No, I carefully pulled out (my family member was in the car with me at the time) carefully checking mirrors, indicating and maneuvering slowly. However after 4-5 seconds i looked in my rear mirror and saw a car coming in my lane at a very fast speed, I tried to move back to previous lane but too late and he hit me... There was a witness that was 1 kilometer behind that says he saw the car pass him at a huge rate of knots, but did not see the incident.


----------



## Moe78 (Oct 29, 2010)

It seems quite odd though. He was drunk and speeding and how would the police know whether you changed lanes dangerously or not? He was drunk, speeding, hit your car from behind. In a different country that sounds like his fault. Now whether you indicated or not can be determined by investigating the lights after impact apparently but that would mean you would/should only be penalized for that infringement if so, not the accident!
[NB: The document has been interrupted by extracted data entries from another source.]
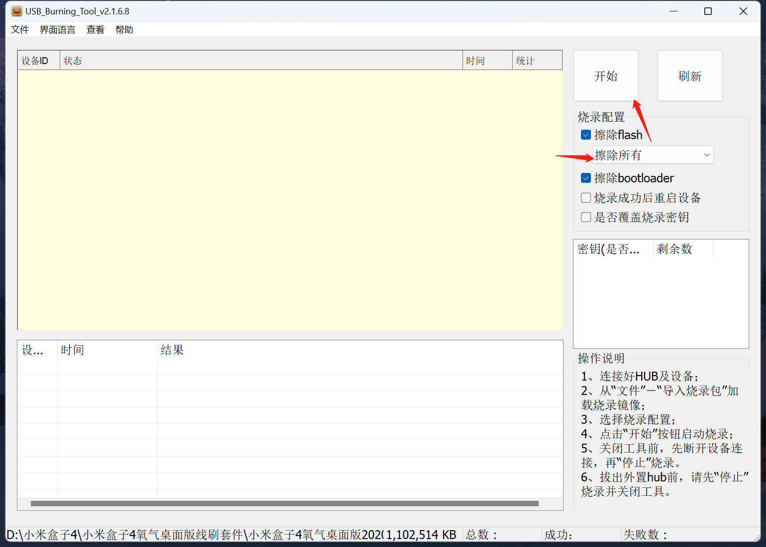 选择 刚才准备的三方固件包MiBOX4_YQZM2_root_aml_upgrade_package20200808.img。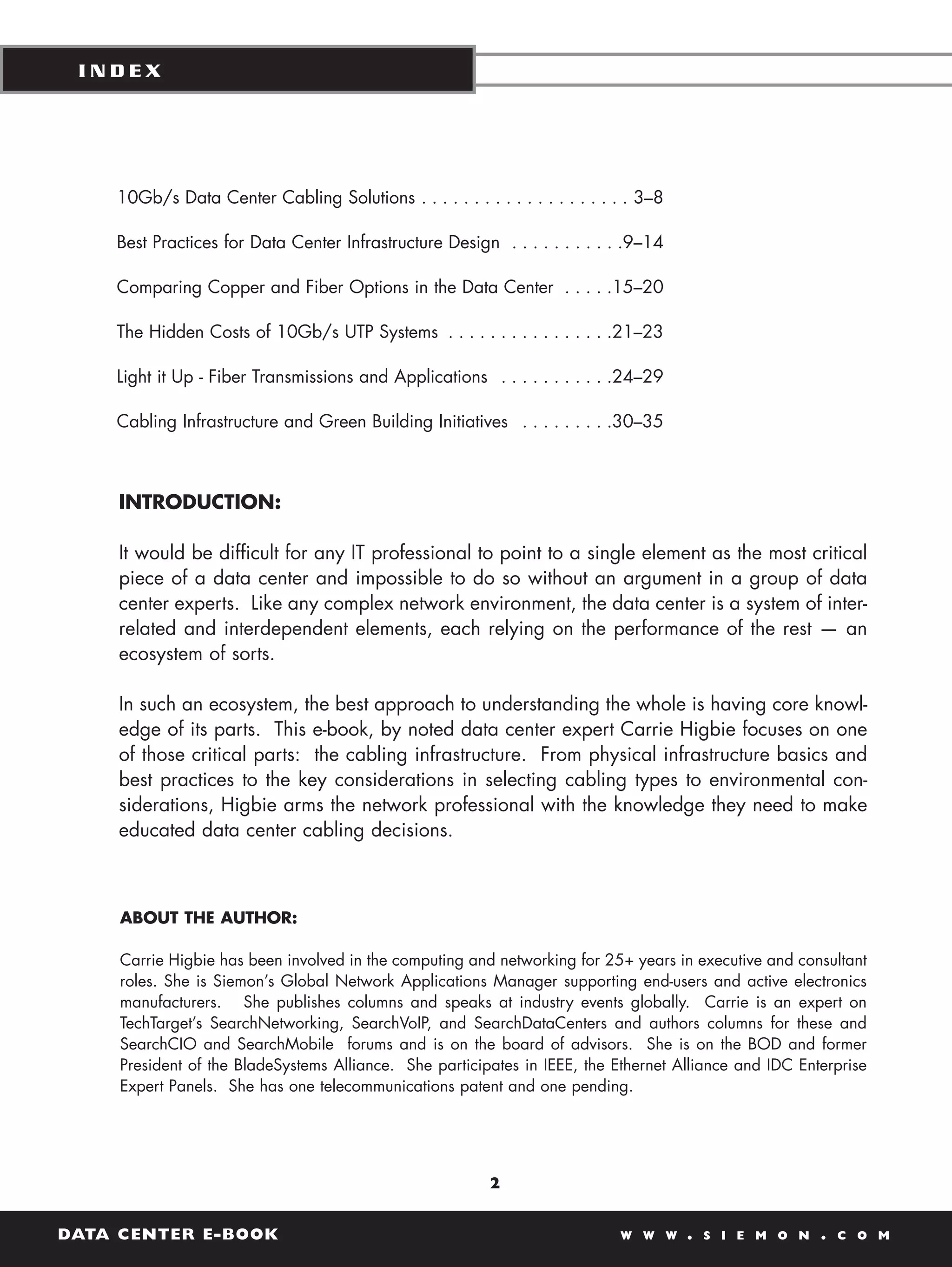 The e-book focuses on data center cabling infrastructure, emphasizing the importance of cabling systems as core elements of data center design. It provides best practices for planning and implementing reliable, scalable, and efficient cabling solutions, along with considerations for environmental controls and system redundancies. Authored by Carrie Higbie, an expert with over 25 years in networking, the document offers insights into trends, cost implications, and the evolving nature of data centers in the face of technological advancements.
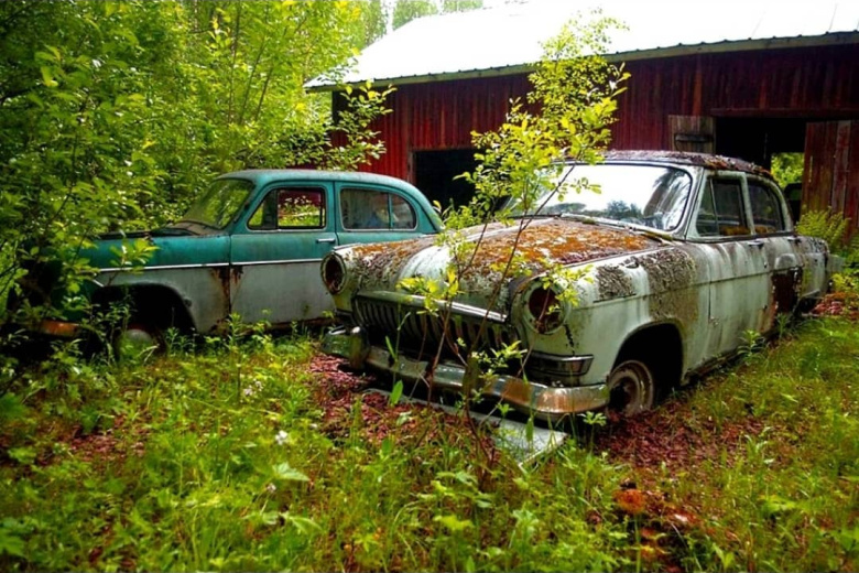 Фотографии старых машин из Советского Союза опубликовали в социальных сетях. Автор сообщил, что автомобили находятся в одном из лесов Финляндии.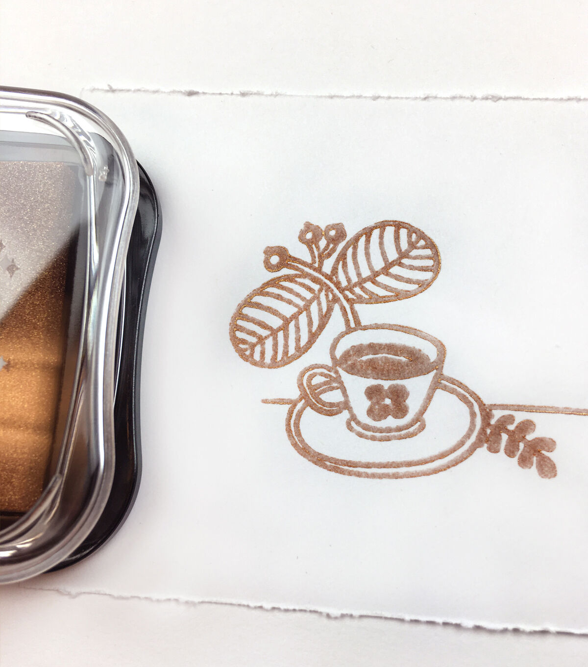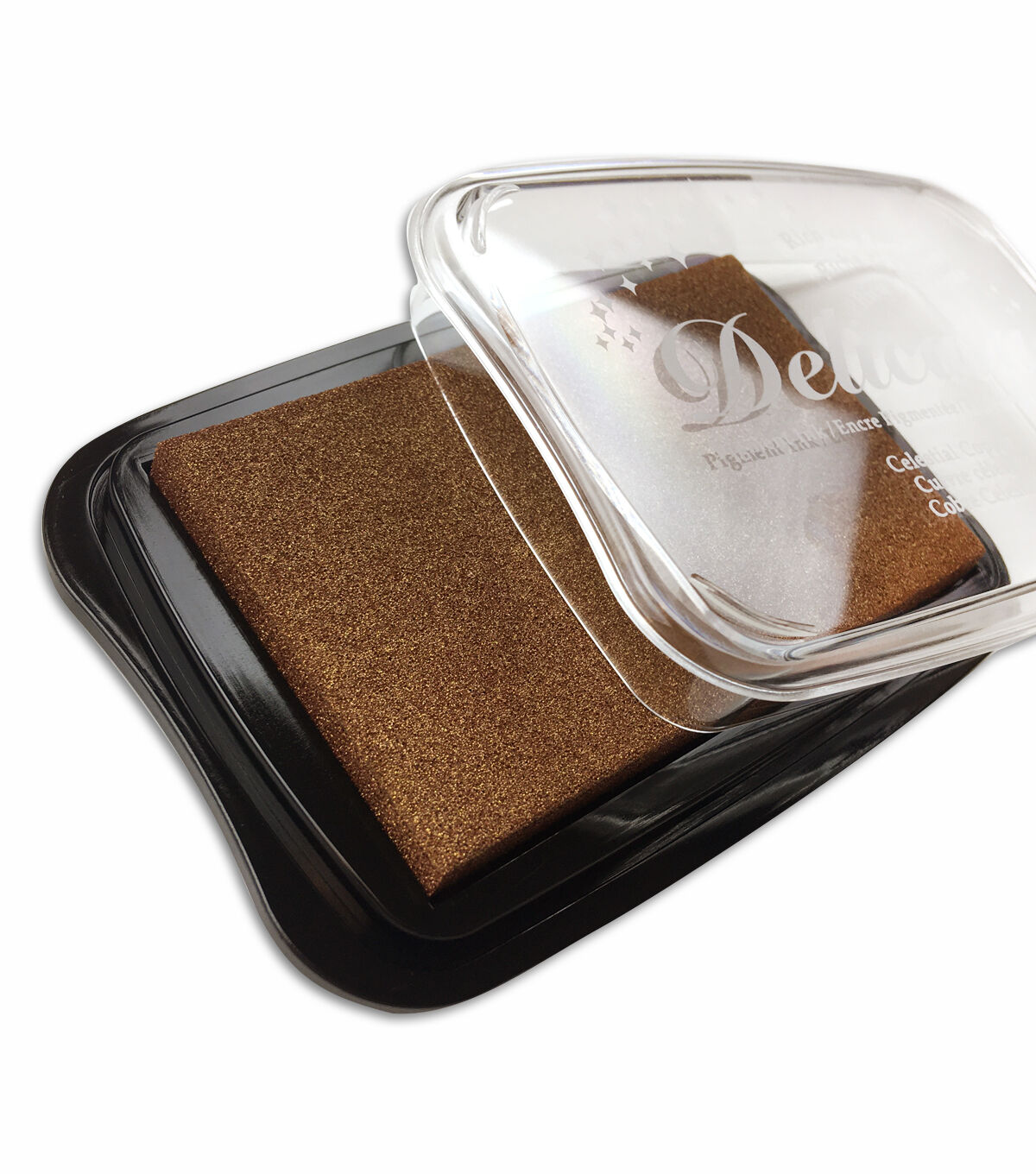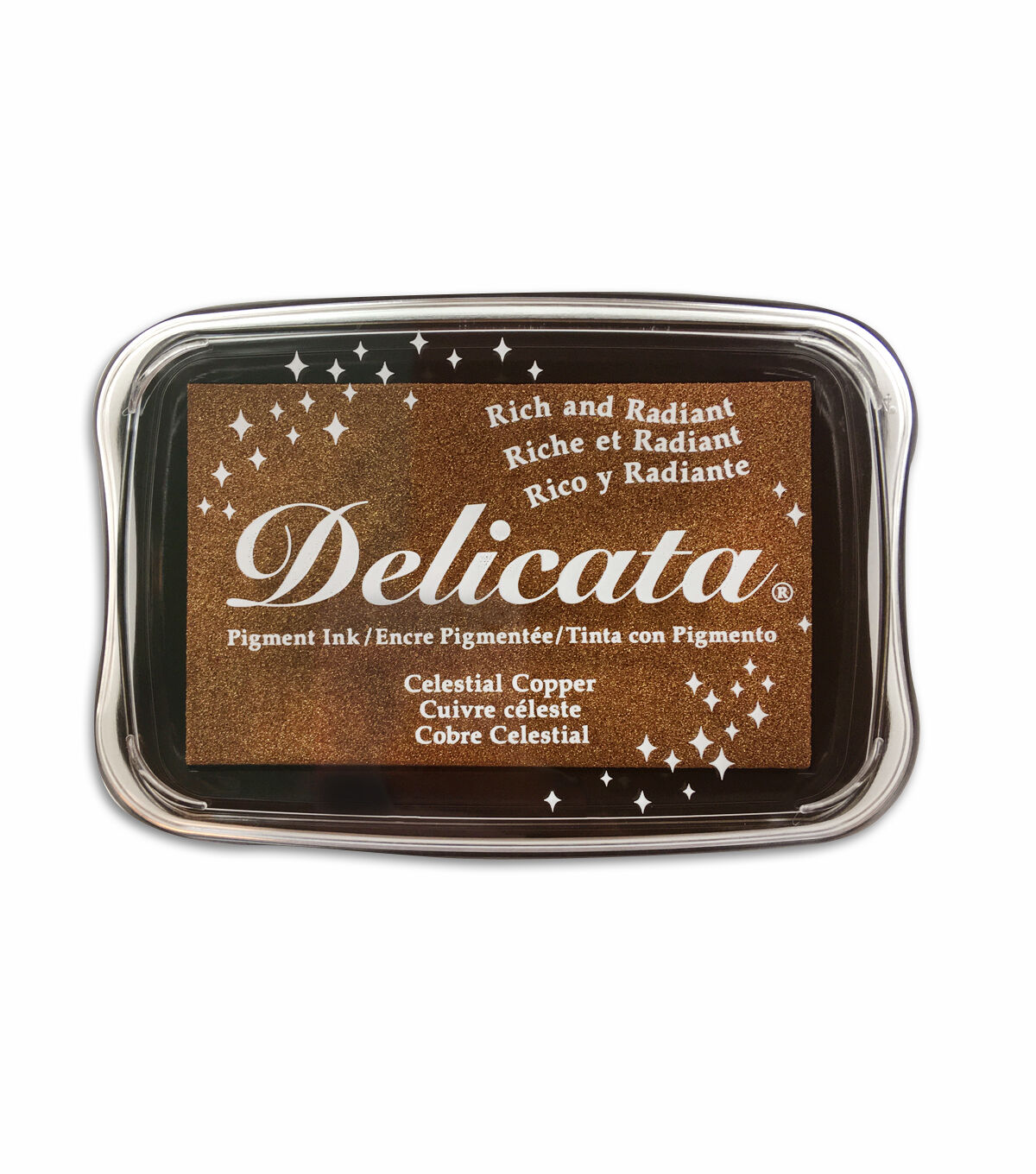 Add eye-catching color to stamped designs, using the Delicata Pigment Ink Pad-Celestial Copper. This innovative, world class metallic ink is richly hued for a vibrant look, and doesn’t tarnish over time. It dries completely for smudge proof results. The pack contains one 4 x 2.5-inch ink pad.

What does your lawyer say btw?


----------



## mangastrings (Dec 2, 2012)

The drunk drivers statement I was told, said I pulled out in front of him.... My experts say that if he was not drunk and speeding excessively he could have easily either moved to the 4th lane to overtake or slow down (even if others believe I pulled out)... . We are just shocked with the possible outcome from this case....


----------



## Midlifer (Jul 24, 2012)

Looks like OP is from Afghanistan. From what I've seen since arriving he's a little screwed. Get an Emirate lawyer and see what they can do for you.


----------